3. La complementariedad entre las reformas es clave para configurar la flexibilidad del mercado y el crecimiento de la productividad. El análisis del impacto de las reformas estructurales basado en la evidencia requiere un conocimiento muy profundo de las configuraciones institucionales del país en cuestión, que tenga en cuenta y permita explotar tales complementariedades.
4. Hay que evitar la auto-señalización en el análisis de los efectos de las reformas estructurales. Demasiadas veces se han declarado las reformas estructurales como exitosas solo por conveniencias de la coyuntura política y sin evidencia convincente sobre sus efectos y el correcto funcionamiento del mecanismo de transmisión contemplado para la justificación de tales reformas.
5. Durante las últimas décadas en Europa, el momento de las reformas estructurales no ayudó a aumentar su efectividad, ya que se implementaron en su mayoría durante los períodos de recesión.
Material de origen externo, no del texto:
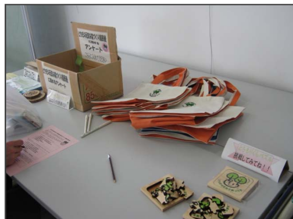
とちもりくんグッズは大人気！

Esto es particularmente relevante en el análisis de las reformas durante la crisis. Hay quien sostiene que la política económica tiene que seguir recomendaciones basadas en la enseñanza religiosa (católica, por supuesto). Sin entrar a discutir tal posición, sí parece que en este caso quizá habría que aprender de la máxima jesuita y hacer con mucha más frecuencia las reformas estructurales en tiempos de bonanza, y no esperar a hacerlas irremediablemente cuando llegue la próxima crisis.